--- START ---

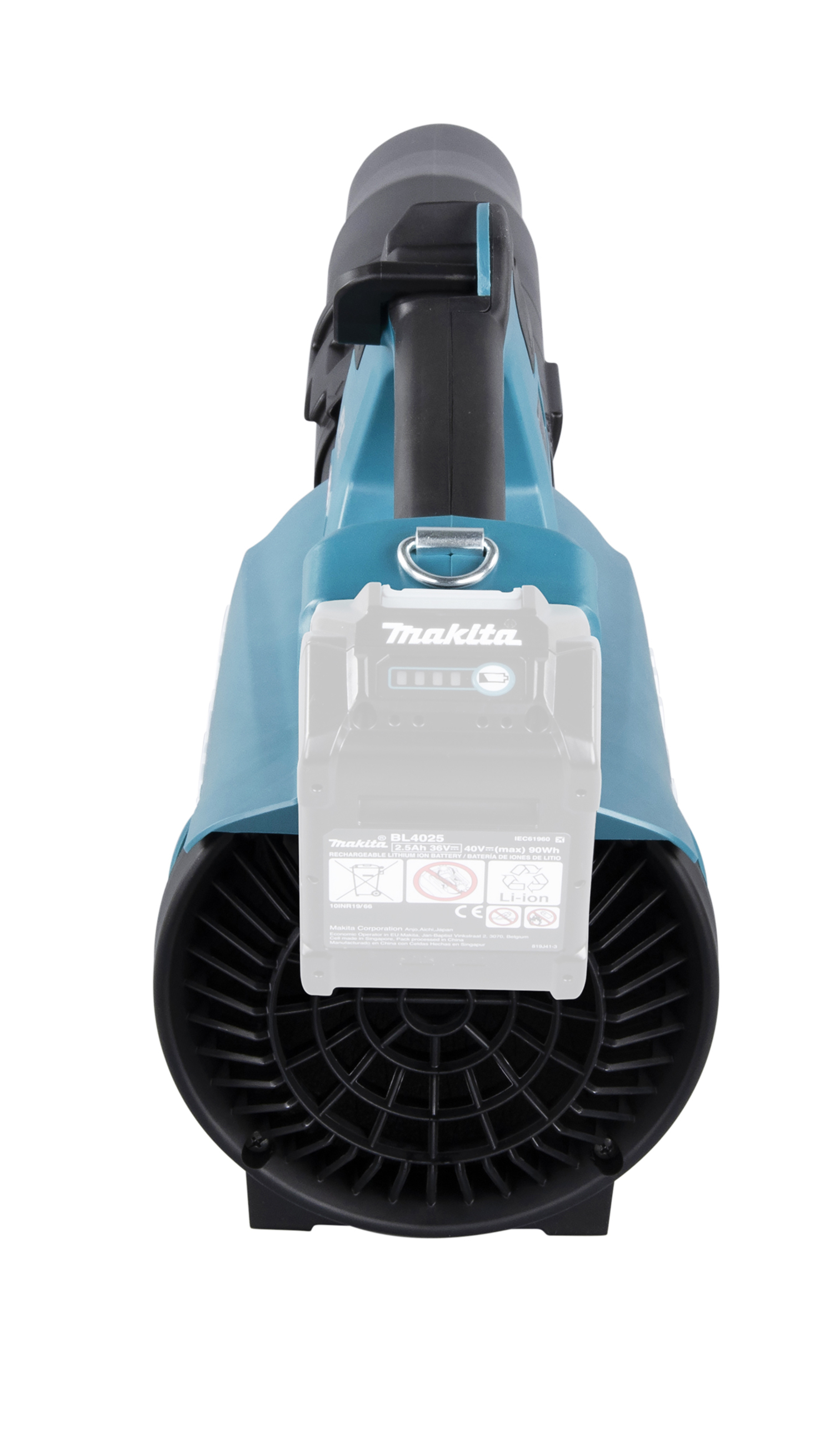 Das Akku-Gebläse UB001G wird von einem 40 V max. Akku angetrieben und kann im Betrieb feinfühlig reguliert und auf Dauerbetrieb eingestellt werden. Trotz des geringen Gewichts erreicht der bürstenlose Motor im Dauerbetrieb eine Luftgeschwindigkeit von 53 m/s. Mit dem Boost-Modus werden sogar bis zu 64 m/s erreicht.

--- END ---
--- START ---

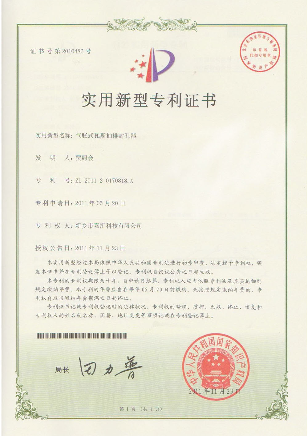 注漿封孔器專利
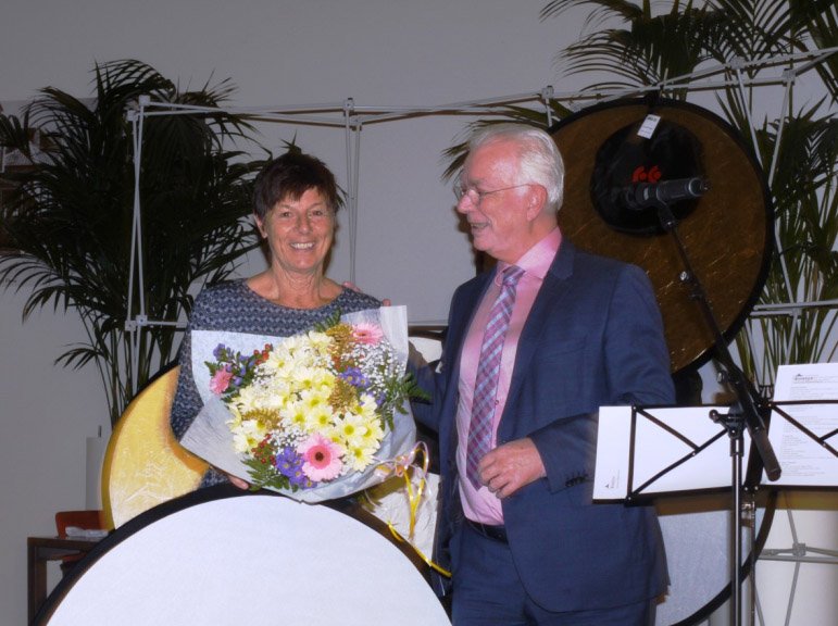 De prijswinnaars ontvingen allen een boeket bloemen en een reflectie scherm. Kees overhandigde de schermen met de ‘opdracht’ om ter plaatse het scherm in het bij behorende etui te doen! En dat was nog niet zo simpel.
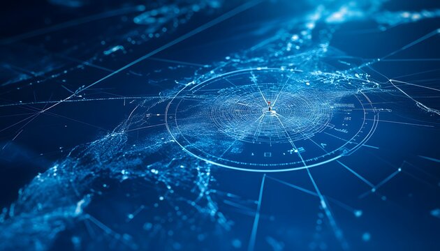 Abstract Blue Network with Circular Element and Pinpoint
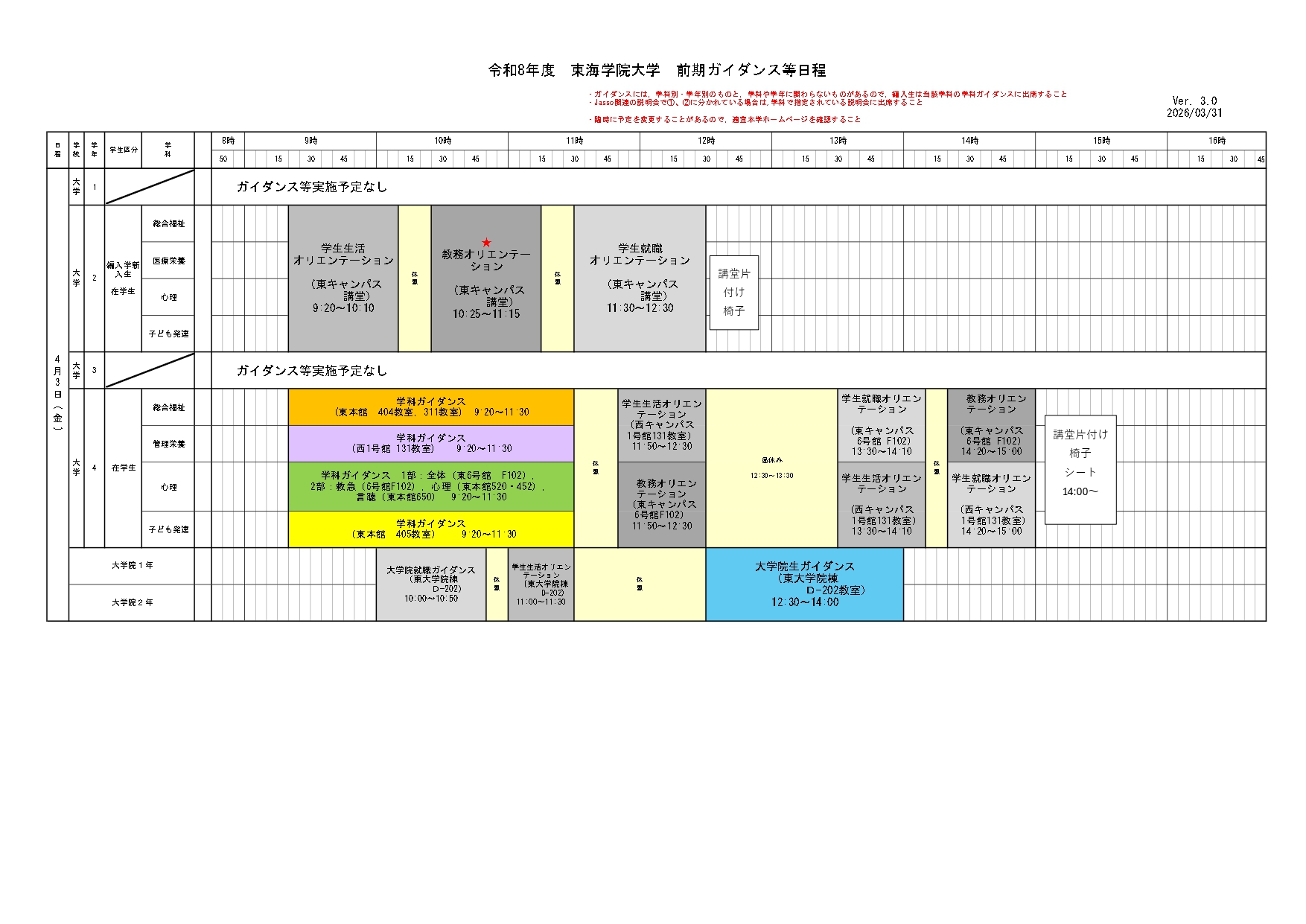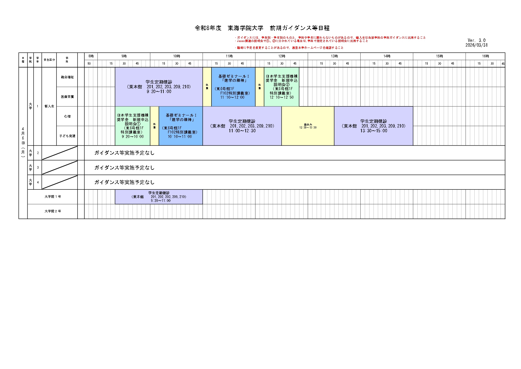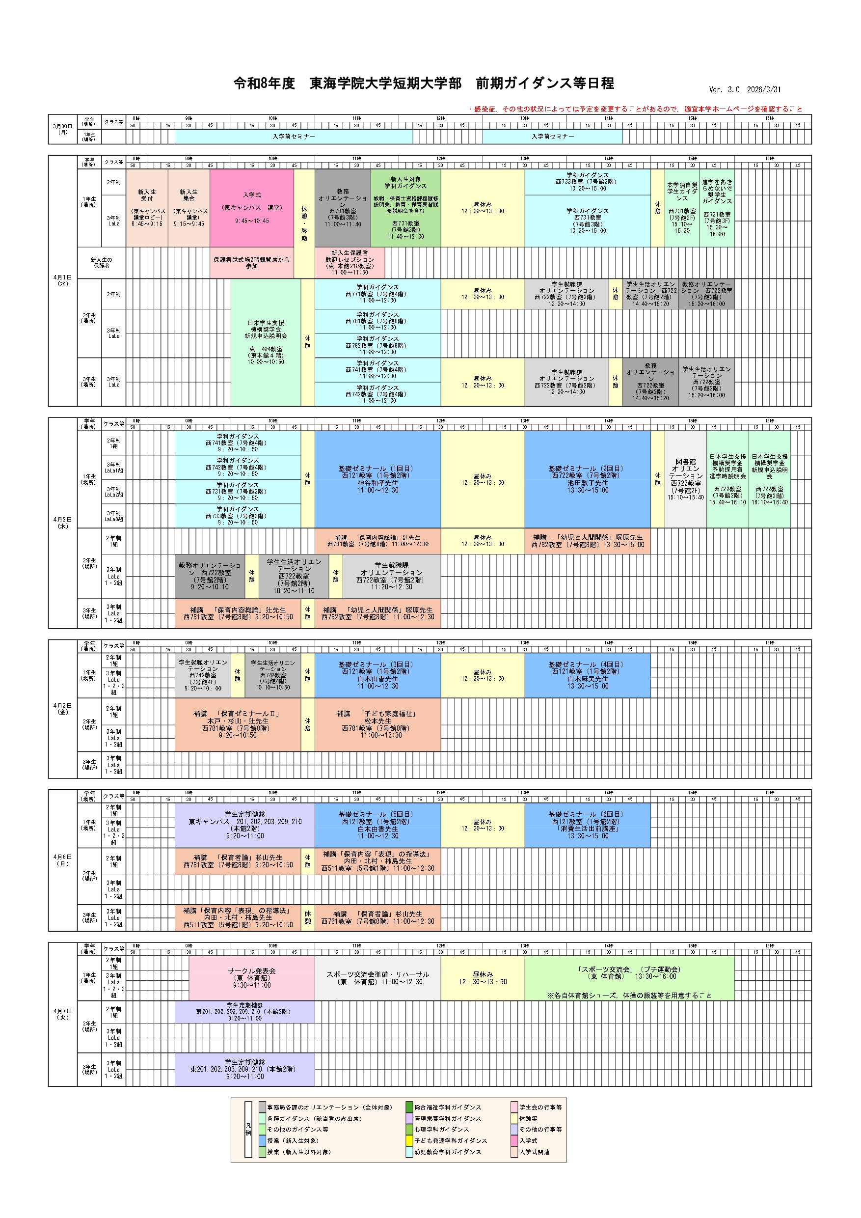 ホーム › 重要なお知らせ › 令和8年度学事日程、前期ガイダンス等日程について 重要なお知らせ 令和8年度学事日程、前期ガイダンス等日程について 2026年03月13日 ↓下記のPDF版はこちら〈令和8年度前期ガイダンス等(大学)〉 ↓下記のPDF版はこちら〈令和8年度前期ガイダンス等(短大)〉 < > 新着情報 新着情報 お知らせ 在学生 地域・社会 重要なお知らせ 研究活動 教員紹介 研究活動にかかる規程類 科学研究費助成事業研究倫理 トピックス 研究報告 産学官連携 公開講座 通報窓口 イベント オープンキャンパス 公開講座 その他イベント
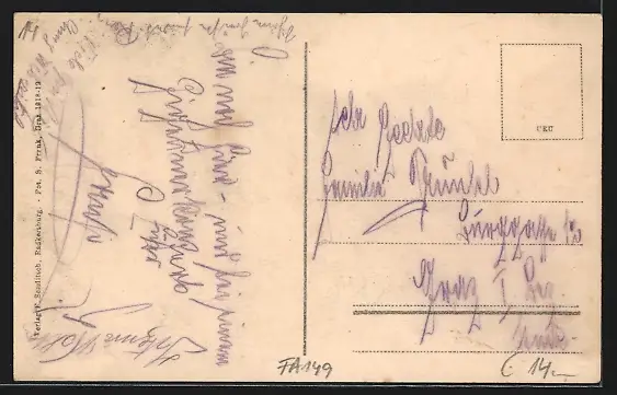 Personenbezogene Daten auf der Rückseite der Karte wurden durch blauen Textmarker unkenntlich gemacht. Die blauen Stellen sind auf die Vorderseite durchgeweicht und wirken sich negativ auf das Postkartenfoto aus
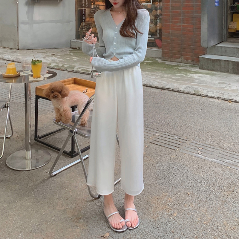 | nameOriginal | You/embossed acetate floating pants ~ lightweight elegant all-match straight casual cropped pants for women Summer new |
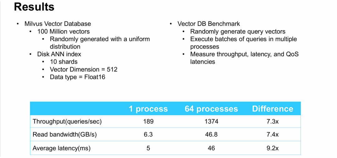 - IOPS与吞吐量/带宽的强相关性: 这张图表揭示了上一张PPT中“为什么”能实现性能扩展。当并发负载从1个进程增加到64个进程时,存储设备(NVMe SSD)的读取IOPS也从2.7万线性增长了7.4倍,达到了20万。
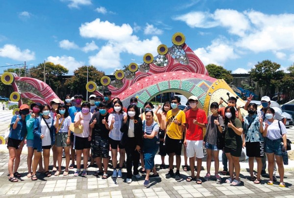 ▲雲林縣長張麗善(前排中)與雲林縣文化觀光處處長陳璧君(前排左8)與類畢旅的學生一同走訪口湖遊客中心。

--- END ---
--- START ---

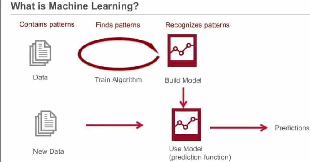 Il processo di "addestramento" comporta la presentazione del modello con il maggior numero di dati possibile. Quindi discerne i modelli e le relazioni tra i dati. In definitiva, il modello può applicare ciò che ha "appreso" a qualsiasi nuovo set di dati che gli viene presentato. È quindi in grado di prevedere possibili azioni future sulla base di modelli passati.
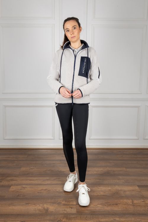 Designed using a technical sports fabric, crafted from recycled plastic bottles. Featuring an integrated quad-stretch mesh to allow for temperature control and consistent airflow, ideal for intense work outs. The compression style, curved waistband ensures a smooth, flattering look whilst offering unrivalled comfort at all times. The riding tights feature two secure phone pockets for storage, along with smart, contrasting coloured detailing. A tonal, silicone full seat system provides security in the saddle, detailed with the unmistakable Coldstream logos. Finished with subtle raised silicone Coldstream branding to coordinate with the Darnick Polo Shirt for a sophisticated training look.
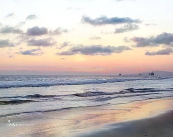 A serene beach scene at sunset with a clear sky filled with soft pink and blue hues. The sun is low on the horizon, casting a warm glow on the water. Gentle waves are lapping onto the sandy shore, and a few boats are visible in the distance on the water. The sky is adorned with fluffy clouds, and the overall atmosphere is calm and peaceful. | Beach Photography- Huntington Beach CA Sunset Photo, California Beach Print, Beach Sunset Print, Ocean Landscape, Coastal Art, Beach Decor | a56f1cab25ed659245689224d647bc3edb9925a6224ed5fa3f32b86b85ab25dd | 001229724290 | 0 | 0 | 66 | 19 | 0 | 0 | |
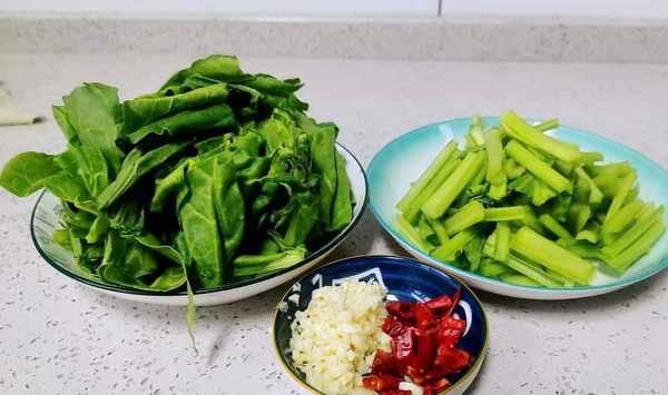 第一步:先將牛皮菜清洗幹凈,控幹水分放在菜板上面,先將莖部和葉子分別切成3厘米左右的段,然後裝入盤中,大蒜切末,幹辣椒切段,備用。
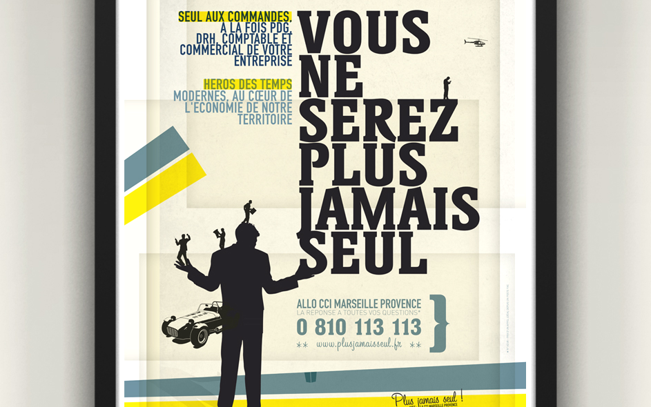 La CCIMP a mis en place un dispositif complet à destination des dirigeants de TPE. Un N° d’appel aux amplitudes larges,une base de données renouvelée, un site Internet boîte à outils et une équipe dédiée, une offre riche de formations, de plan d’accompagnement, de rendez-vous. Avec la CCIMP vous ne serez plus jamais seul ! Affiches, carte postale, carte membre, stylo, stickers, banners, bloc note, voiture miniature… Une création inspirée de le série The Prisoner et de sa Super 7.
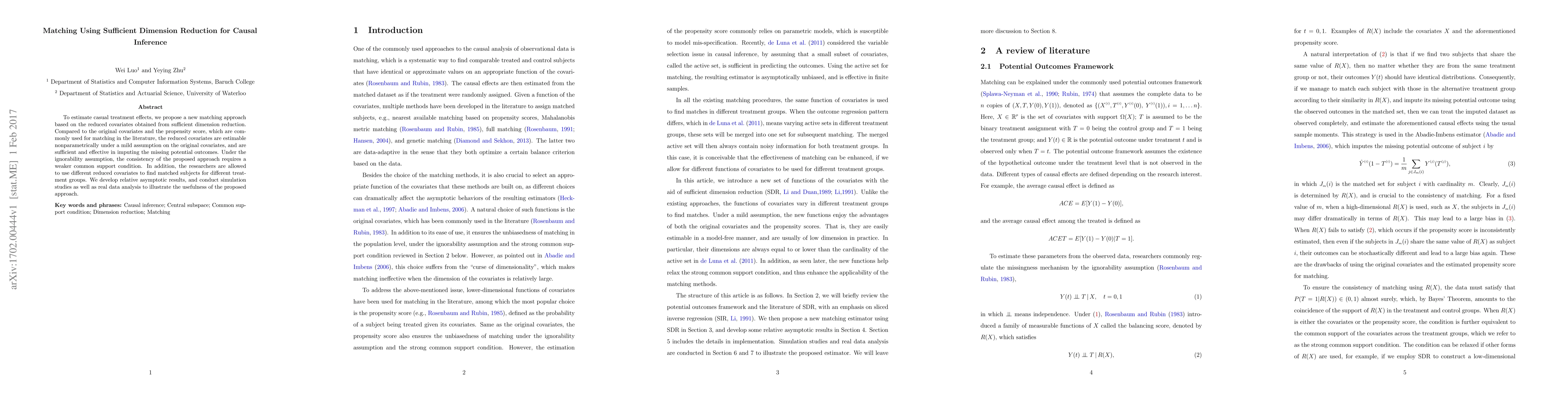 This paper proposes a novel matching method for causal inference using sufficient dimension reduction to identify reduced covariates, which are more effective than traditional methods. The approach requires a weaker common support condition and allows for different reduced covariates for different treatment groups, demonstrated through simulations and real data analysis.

--- END ---

Set the pictures aside and reproduce exactly the lines above, from the line holding "Il processo di" through the line holding "Designed using a", both included, with nothing else.

 Il processo di "addestramento" comporta la presentazione del modello con il maggior numero di dati possibile. Quindi discerne i modelli e le relazioni tra i dati. In definitiva, il modello può applicare ciò che ha "appreso" a qualsiasi nuovo set di dati che gli viene presentato. È quindi in grado di prevedere possibili azioni future sulla base di modelli passati.
 Designed using a technical sports fabric, crafted from recycled plastic bottles. Featuring an integrated quad-stretch mesh to allow for temperature control and consistent airflow, ideal for intense work outs. The compression style, curved waistband ensures a smooth, flattering look whilst offering unrivalled comfort at all times. The riding tights feature two secure phone pockets for storage, along with smart, contrasting coloured detailing. A tonal, silicone full seat system provides security in the saddle, detailed with the unmistakable Coldstream logos. Finished with subtle raised silicone Coldstream branding to coordinate with the Darnick Polo Shirt for a sophisticated training look.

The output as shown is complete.